There are two other examples and corresponding manifests included in this repository.

Motorbike

The motorbike example is included with the OpenFoam project, just like the dam break example.

It is configured for 12 total processors with 2 slots per worker and 6 pods. It took about 8 minutes in our environment, and you can also see the dam break job that took place right before it:

Morlind Engineering Wing

Morlind Engineering was kind enough to lend us a model and some other relevant OpenFOAM files for one of their race car airfoils:

There are example manifests included for this job as well. While it is currently set up for 512 processors, with 2 slots per worker and 256 pods, this is not an optimal configuration. The job took about 5 hours in our example environment, which is not great compared to Morlind's own physical server cluster running OpenFOAM with only half the processors. This is likely due to storage throughput, poor subdivision of the job, and lots of small jobs.

With some care and tweaking, you could easily find different Amazon instance types with faster storage, better CPUs, and different slots-per-worker and pod count configurations that would dramatically improve performance.

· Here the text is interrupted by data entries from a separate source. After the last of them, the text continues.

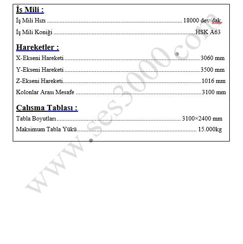 - HIZLI (Boşta) İLERLEME HIZI (X,Y,Z) : 20 / 20 /15 m/dak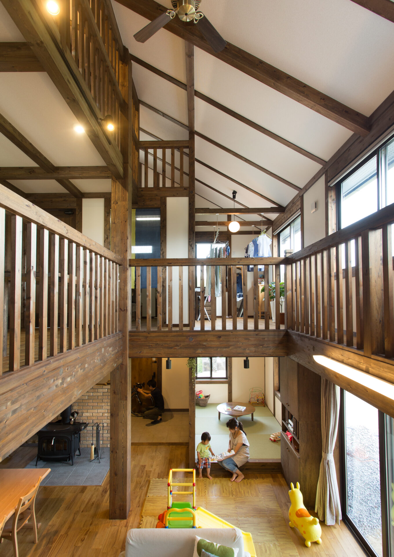 薪ストーブのある土間から2階まで続く大空間。勾配天井が、家全体に圧倒的な開放感をもたらします。
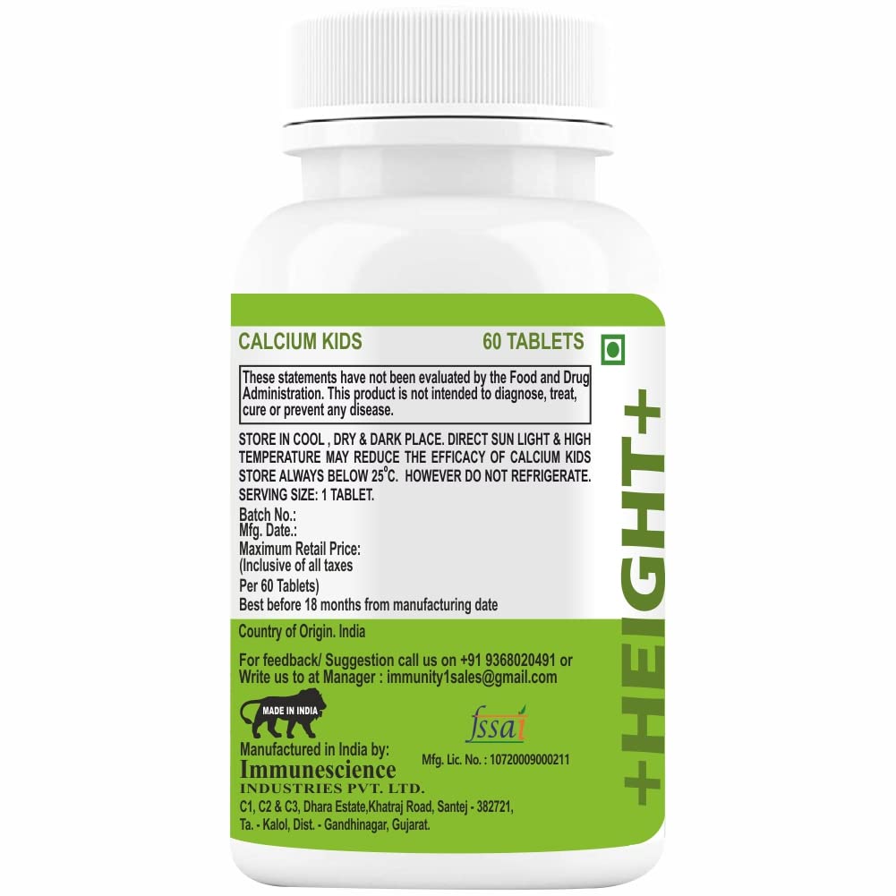 - Growth, height, and development: calcium citrate malate chewable tablets for kids are water-soluble, making them more bioavailable than other calcium salts like calcium carbonate. When used long-term, our tablet does not cause bloating or calcium deposits in the body.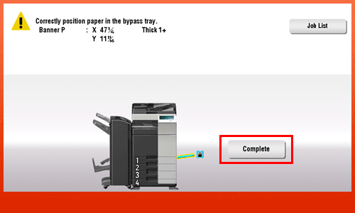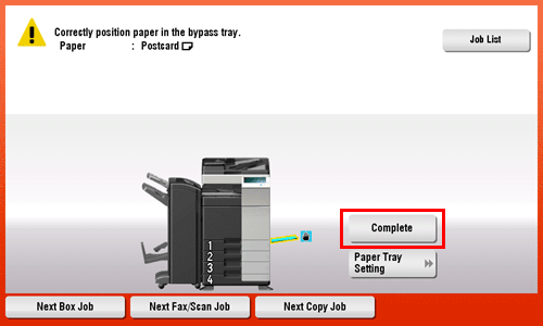 If you cannot tap [Complete], remove the envelopes or postcards loaded in the Bypass Tray and reload them, then tap [Complete].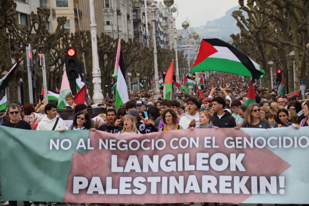 Tras el éxito de la jornada de hoy, los sindicatos convocantes instan a las instituciones públicas (Gobiernos autonómicos, locales, universidades), a las asociaciones empresariales (Confebask y CEN), así como al conjunto de las empresas, a suspender toda relación institucional y comercial con Israel: no se puede hacer negocio a costa de un genocidio.

Using something much larger, such as an EC2 c6i.24xlarge compute-optimized instance, would likely offer better results. This instance type has 96 cores, and would allow you to run your job with 90+ slots-per-worker (leaving some headroom for OpenShift's node processes) across 3 pods / 3 nodes which would be a minimum of 270 cores.

Additionally, OpenShift Data Foundations is running on non-storage-optimized hosts with basic GP2 storage. This likely also leaves room for improvement.